No.14 : 測定単位とコネクタ

2009年12月4日 up

    電波関係の測定単位は、電圧で表したり電力で表したり、真数表記や対数標記、50Ω系と75Ω系等様々です。
同じ電波を扱っている業界でも、放送関係、移動通信関係、衛星通信関係等で微妙に「標準語」が違い厄介です。
通常使用するコネクタ類にも(段々差が無くなってきましたが)業界による差がやはりあります。

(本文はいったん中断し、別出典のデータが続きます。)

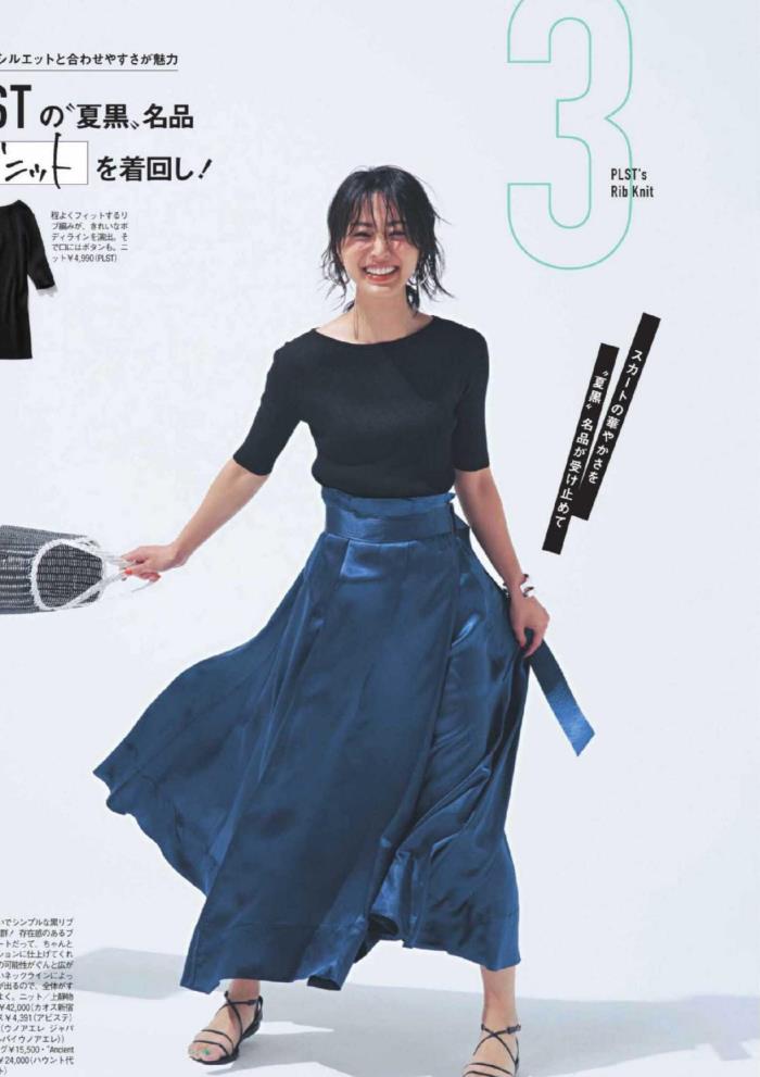 像这款黑色的针织上衣,它的款式较为修身一些,相较于宽宽大大的黑色单品来说,对个人曲线的烘托更加显著,更为出色。同时结合一款蓝色的缎面半身裙,通过腰间细节的处理来勾勒出腰身,会让你的身材变得很出众。

    私は若い頃から衛星通信関係の世界に20年以上いましたので、
ほとんどの測定はN型またはSMA型コネクタに接続した測定器で、
(18GHz以上の高い周波数ではK型とかV型とか統一されていませんでしたが)
電力値をdBm単位(50Ω系)で表記するのが基本でした。アンテナ利得は絶対利得(dBi単位)でした。
その頃は、電界強度のdBμV/mとかは数値を言われても全くピンと来ませんでしたが、
(そもそも電界強度なる概念は衛星通信の教科書には書かれていなくて、
その代りに電力束密度という言葉が使われていました)
最近はdBμV/mで言われれば感覚的に電波の強い弱いが分かります。

    移動通信の世界では、装置の中の測定を除いては、dBm表示はそれほど一般的ではありません。
それは、衛星通信と違い、低い数十MHzから数百MHzへと段々周波数が上がってきた歴史に
関係があると思われます。
dBm表示では測定系のインピーダンスを決めないと数値が決定しないためですが、
低い周波数帯では50Ω系と75Ω系の両方がありましたし、テレビの平衡フィーダーは300Ωでした。
そのようにインピーダンスの統一が取れてない世界でdBm表示をするのは無理があったと思います。
それに引き換え、衛星通信では低い周波数の時代が無く、いきなりGHzオーダーだったために、
最初から同軸ケーブルの伝送損失がポリエチレン充填同軸で最も少なくなる50Ωが使われたのだと思います。
ちなみに、75Ωは空気充填同軸ケーブルでの最適インピーダンスおよび
ダイポールアンテナのマッチングインピーダンスに由来があります。
また、アンテナに関しても、相対利得(dBd)を使ったり、実効長を使ったり、
アンテナ係数を使ったりとまちまちです。
しかしながら、最近は移動通信の周波数も高くなってきたので、衛星通信との業界の差はなくなりつつあります。

    放送業界は昔から今までも75Ω系で統一されています。電界強度のdBμV/mも一般的です。
GHzオーダーの高い周波数を扱う衛星放送受信機の同軸ケーブルでも、
損失が増えるのに75Ωの同軸ケーブルとF型コネクタが使われています。
かたくなに歴史を引きずっているのでしょうね。 低い周波数の同軸ケーブルでは最もポピュラーなBNCコネクタも、
放送業界では75Ω用のものが(特殊ですが)売られています。
ちなみに、M型コネクタはアマチュア無線の人には当たり前の世界ですが、
プロの無線の世界では全く用いられません。